Activity of the Week
Write Your Memoir
Last updated:May 21, 2012
Have you ever thought of writing a memoir? Does the task of writing an entire book seem daunting? It doesn't have to be. A memoir simply means "memory." It isn't as much about writing your autobiography -- from birth on -- as it is about capturing moments. Your memoir can focus on your time in the war, your travels, a medical challenge, lessons you'd like to pass onto your children and grandchildren, or a funny or adventurous time of your life.
What you'll need:
- Any way you like to capture your stories -- a legal pad, a blank book, a computer, a tape recorder, a video camera
Why it's great:
Writing ignites the mind!
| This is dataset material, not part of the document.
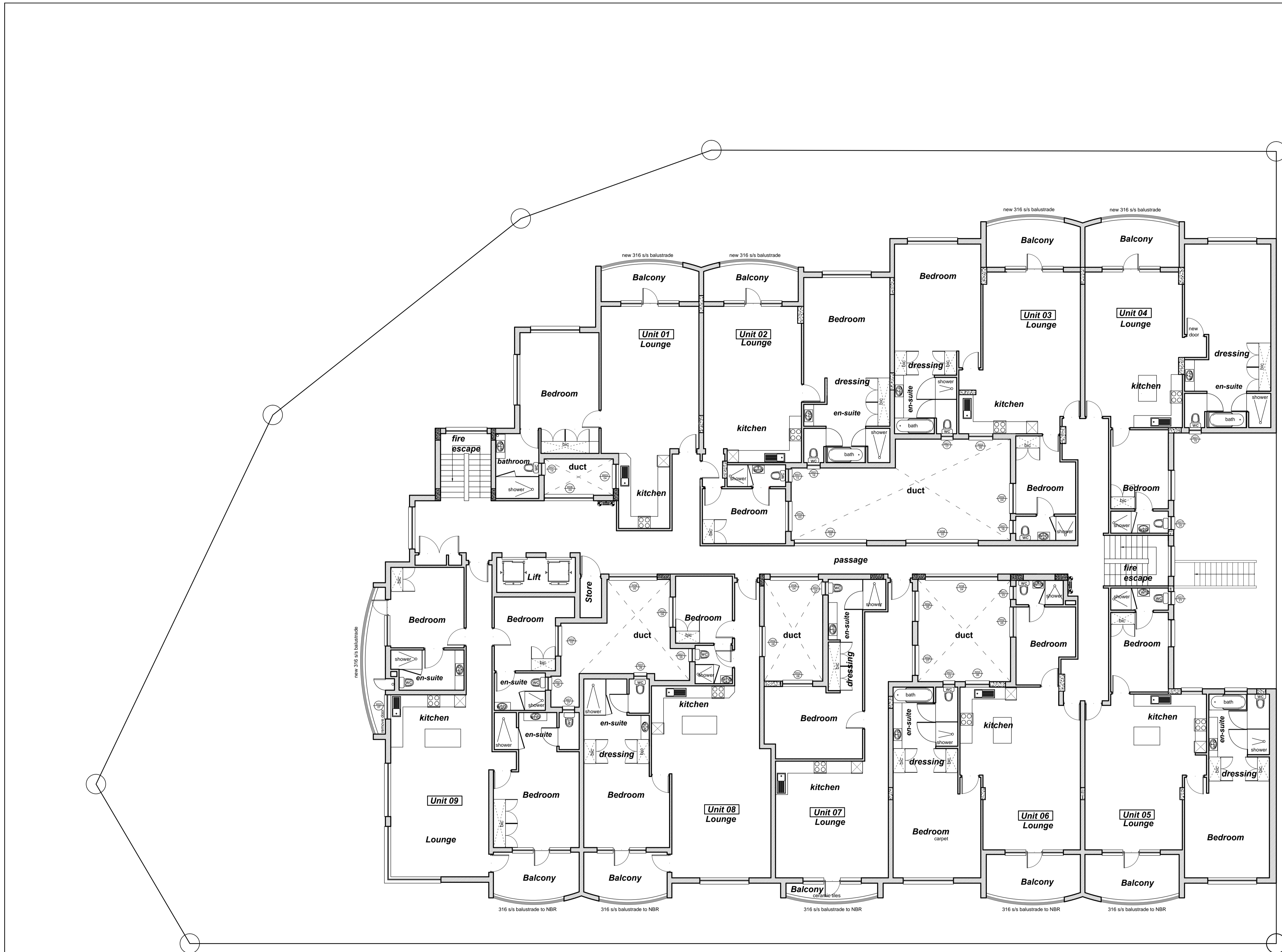
TYPICAL FLOOR PLAN SCALE 1:100

Dust off old memories, ask questions, do some research, connect with other family members, and practice your storytelling skills.
Turning aspects of your life into art is cathartic. Each time we revisit the past, we have the chance to forgive, to understand, and to make peace.
Family members will value your memoir. You're the keeper of their heritage, and your memoir connects them with you and to their history.
Writing is revising. It takes patience and perseverance, which means it's good exercise for your mind. It gives purpose and direction and takes enormous focus.
Writing can create a pattern to your days. You'll get up early and stay up late when you have a story to tell.
Become an author! Self-publishing is easier than ever. For just a few hundred dollars, you can create your own soft-cover book. Or create an e-book that can be read on e-readers.
How to do it:
What stories do you love to tell? Start by writing down the ones you've told (or have been told by other family members) for years. Capture what you and your family already enjoy hearing, and then branch out from there.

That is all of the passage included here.